Available data:
[Start of section]
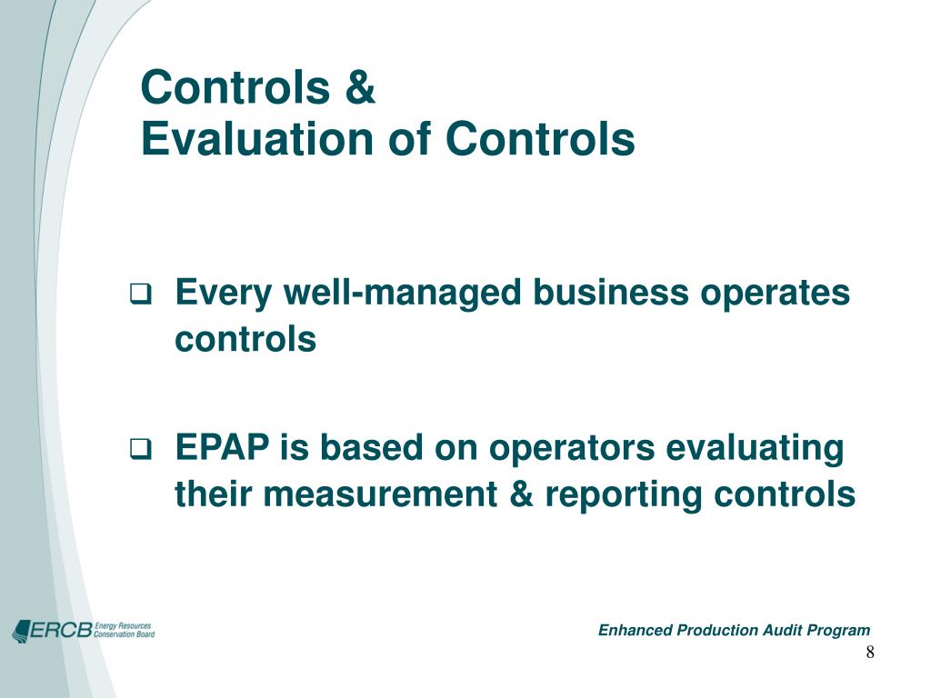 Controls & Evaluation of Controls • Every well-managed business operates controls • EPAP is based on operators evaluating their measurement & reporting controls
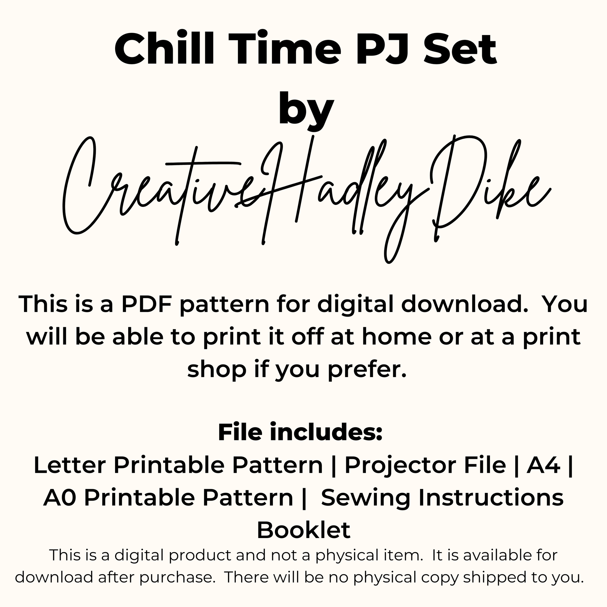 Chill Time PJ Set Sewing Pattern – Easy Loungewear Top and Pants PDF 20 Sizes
[End of section]
[Start of section]
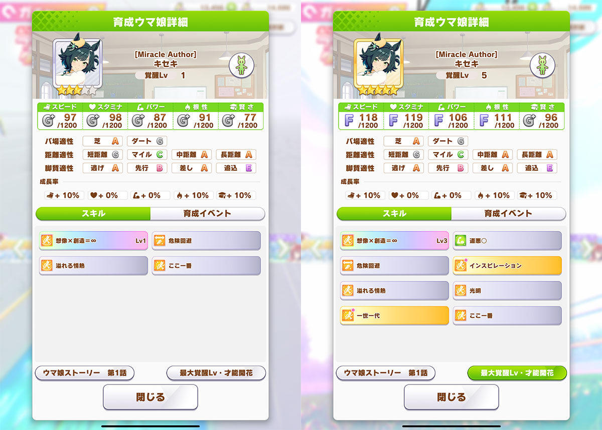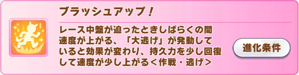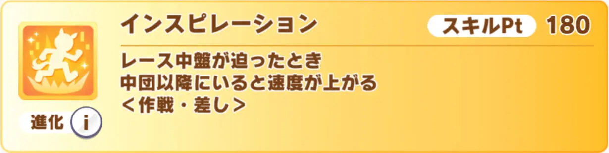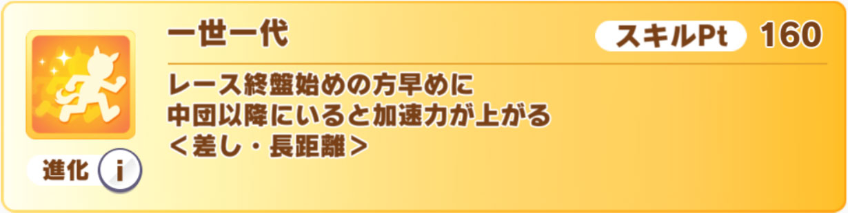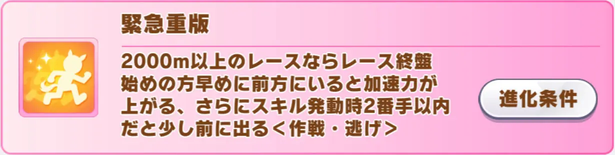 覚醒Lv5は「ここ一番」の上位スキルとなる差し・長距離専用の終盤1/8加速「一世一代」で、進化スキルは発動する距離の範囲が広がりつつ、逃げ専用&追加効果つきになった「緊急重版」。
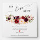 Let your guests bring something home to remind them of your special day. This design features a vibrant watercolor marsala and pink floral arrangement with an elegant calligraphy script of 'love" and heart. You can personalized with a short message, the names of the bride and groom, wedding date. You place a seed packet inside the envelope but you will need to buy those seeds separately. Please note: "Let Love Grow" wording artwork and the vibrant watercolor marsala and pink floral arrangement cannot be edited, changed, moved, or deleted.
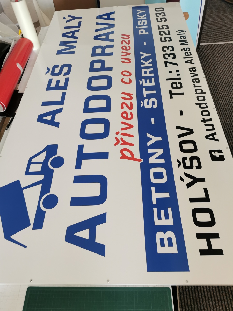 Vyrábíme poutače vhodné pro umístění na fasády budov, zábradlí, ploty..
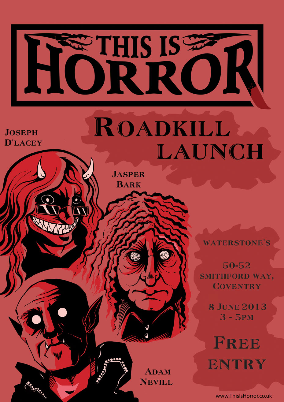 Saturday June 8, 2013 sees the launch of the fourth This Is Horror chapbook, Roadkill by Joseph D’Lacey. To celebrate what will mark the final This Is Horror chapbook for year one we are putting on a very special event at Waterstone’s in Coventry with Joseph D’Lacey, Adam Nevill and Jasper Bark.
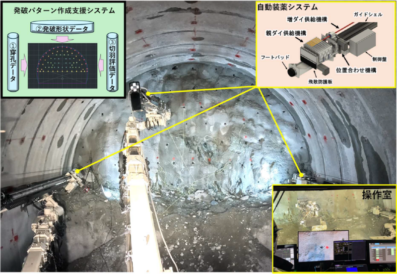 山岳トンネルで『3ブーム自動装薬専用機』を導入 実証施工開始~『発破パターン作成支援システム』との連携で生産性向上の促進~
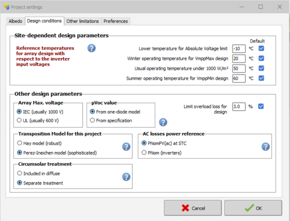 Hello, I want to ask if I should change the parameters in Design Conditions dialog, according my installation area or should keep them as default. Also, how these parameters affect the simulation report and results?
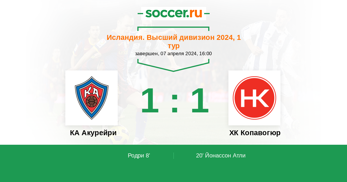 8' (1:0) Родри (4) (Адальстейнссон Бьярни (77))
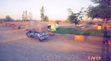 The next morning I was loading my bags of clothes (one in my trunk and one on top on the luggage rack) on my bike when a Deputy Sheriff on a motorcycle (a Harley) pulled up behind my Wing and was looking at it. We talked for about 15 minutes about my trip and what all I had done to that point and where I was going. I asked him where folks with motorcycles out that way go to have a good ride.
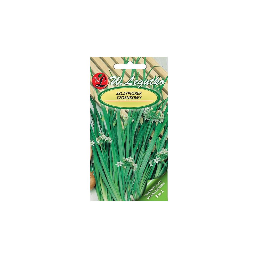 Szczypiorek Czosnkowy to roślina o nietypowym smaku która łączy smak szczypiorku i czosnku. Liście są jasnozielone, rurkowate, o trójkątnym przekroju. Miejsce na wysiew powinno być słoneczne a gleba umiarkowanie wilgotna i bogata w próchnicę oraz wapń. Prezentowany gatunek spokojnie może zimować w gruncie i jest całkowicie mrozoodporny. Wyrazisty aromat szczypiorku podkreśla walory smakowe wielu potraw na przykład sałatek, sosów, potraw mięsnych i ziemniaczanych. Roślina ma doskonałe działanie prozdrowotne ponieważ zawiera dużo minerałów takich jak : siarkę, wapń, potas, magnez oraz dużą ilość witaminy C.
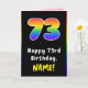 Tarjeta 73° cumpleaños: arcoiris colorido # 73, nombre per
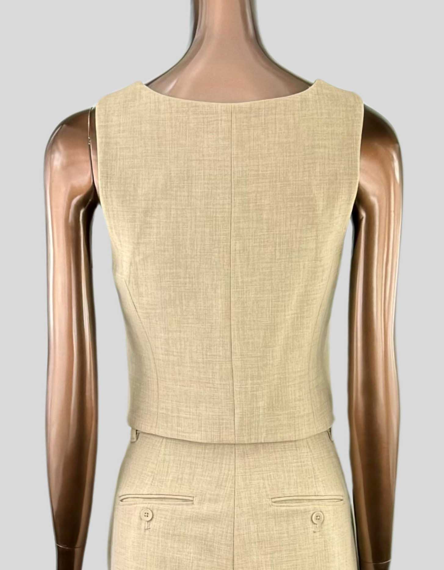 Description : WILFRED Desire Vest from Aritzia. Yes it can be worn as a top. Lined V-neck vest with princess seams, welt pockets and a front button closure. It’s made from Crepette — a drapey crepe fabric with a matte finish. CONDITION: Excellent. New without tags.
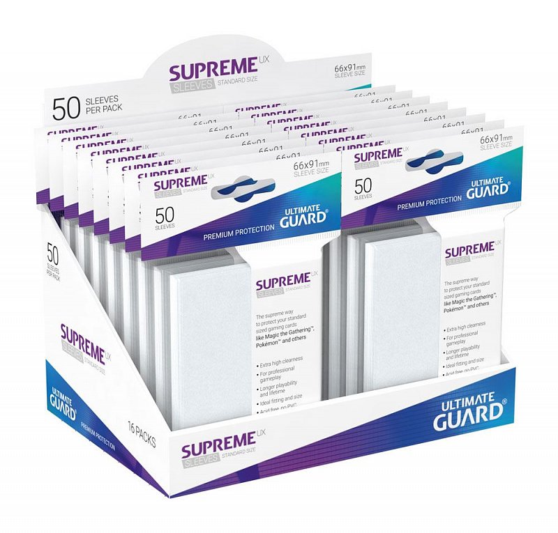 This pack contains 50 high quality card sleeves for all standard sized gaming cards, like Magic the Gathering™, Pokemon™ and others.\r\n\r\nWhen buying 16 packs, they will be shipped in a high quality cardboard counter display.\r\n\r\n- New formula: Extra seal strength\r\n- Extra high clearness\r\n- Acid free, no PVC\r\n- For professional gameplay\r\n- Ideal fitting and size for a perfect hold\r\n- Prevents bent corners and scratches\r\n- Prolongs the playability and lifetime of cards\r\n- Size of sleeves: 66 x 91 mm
[End of section]
Assigned task: While skipping the pictures, transcribe the data above from the line showing "Tarjeta 73° cumpleaños: arcoiris" through the line showing "Description : WILFRED", exactly and with both ends.

Reply to the exercise:
 Tarjeta 73° cumpleaños: arcoiris colorido # 73, nombre per
 Description : WILFRED Desire Vest from Aritzia. Yes it can be worn as a top. Lined V-neck vest with princess seams, welt pockets and a front button closure. It’s made from Crepette — a drapey crepe fabric with a matte finish. CONDITION: Excellent. New without tags.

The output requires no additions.